Pero, maldita sea, Pedro se movía demasiado aprisa y yo quería que esta sensación no acabara nunca. Como si me hubiera leído la mente, bajó un poco el ritmo para que los dos pudiéramos contemplar la escena mejor. Le vi lamiéndose los labios mientras una gota de sudor le resbalaba por la nariz y le caía en el abdomen.


—Qué gozada, ¿no crees? —me dijo mirándome. Yo volví a posar la vista en mi entrepierna y me quedé embelesada por la imagen—. Mi gruesa polla follando tu bonito, mojado y prieto coño. Me voy a correr derramando mi leche a borbotones en ese gatito tuyo, Paula.


Cogió aire y luego empezó a menear las caderas cada vez más rápido.


No lo hacía a una velocidad de vampiro, aunque le faltó poco. Sí, me dolía, pero no, no me importaba lo más mínimo.


Me dedicó una de esas sonrisitas suyas tan sexis y luego se inclinó haciamí con los dientes asomándole entre los labios. 


Le sentí morderme la carne que cubría la artería de mi cuello y luego me la chupó con ardor. La ilusión que había creado, la de un vampiro saboreando a su amante en el culmen del frenesí, me hizo sentir como si me llevara a las alturas y me arrojara a un mar de goce orgásmico. La sensación fue tan brutal que me quedé sin habla, y creo que incluso sin aliento. 


Abrí la boca arrobada, con los ojos en blanco y la espalda arqueada, y le clavé las uñas en la piel de la espalda para que no se separara de mí.


Pedro bajó el ritmo de las embestidas y me hizo eso tan increíble de menear las caderas en cada acometida, friccionándome de una manera deliciosa el clítoris.
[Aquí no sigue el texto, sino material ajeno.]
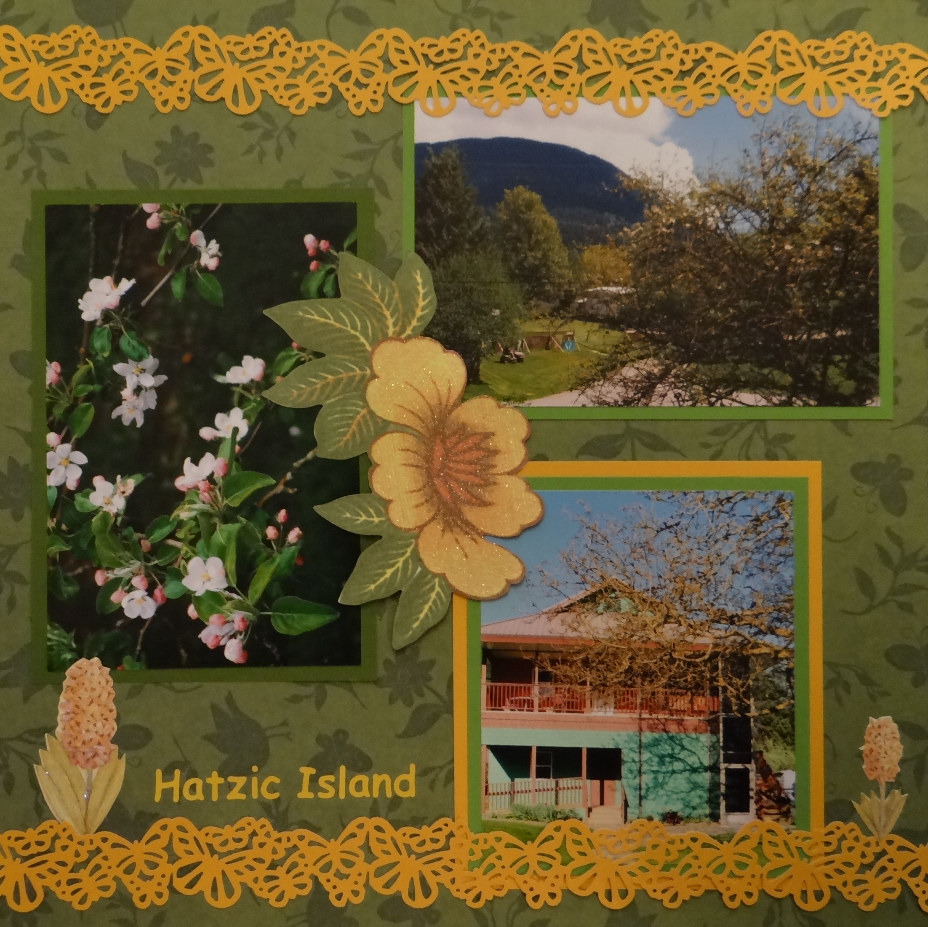 I used a Martha Stewart border punch to mat the photo on all 4 sides, but each side has a new colour of the mat. I love the effect I got. The scalloped square backgrounds and the bird with branches are from Storybook. The title “XOXO” is from Phrases. The scrapbook paper is from DCWV Blossoms and Butterflies Paper Stack. (cottage, family, )

Mientras tanto, no paró de gemir de placer en mi cuello y las vibraciones de este sonido me llegaron al alma. A estas alturas estaba segura de que mi cuerpo se convulsionaba de gozo, pero él siguió con sus fogosas arremetidas. Al final me soltó la piel del cuello y me miró con una diabólica sonrisa.


—Ahora me toca a mí —dijo meneando las caderas con avidez. A cada embestida oíamos el sonido de piel contra piel. Sabía que sus potentes acometidas me estaban empujando contra el asiento, pero no me importaba. Volví a sentir que perdía el mundo de vista al ser engullida por otra oleada en aquel mar de orgasmos.
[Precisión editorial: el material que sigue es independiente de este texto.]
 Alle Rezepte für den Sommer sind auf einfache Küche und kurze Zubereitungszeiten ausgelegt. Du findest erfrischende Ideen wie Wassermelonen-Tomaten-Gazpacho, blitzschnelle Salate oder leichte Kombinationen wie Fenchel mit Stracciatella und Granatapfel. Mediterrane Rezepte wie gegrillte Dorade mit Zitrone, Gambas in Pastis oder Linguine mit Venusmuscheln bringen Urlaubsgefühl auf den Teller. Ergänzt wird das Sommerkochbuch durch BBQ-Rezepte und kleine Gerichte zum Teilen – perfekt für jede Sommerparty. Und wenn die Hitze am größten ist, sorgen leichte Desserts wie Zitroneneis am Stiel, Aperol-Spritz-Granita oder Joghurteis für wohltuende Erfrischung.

—¡Madre mía! —musitó él, y luego dejó caer mi pierna izquierda y me sacó la polla justo antes de derramar su leche a borbotones. La sentí caliente y espesa contra la suave piel de mi coño y le contemplé embelesada deslizar arriba y abajo la mano a lo largo de su verga.


Cogiendo aire, echó la cabeza atrás y luego dejó escapar un leve gemido de placer que resonó en su pecho.


Quería volverle a follar para ver la escena de nuevo.


Cuando vació toda su semilla, la cabeza le cayó hacia delante y me miró a los ojos, mientras inhalaba profundamente para recuperar el aliento.


Expulsó el aire con fuerza y luego ladeó la cabeza antes de darme un largo y tierno beso.


—¿Estás bien, gatita? —me preguntó sosteniendo mi barbilla con una mano y deslizándome el pulgar de la otra por mi labio hinchado.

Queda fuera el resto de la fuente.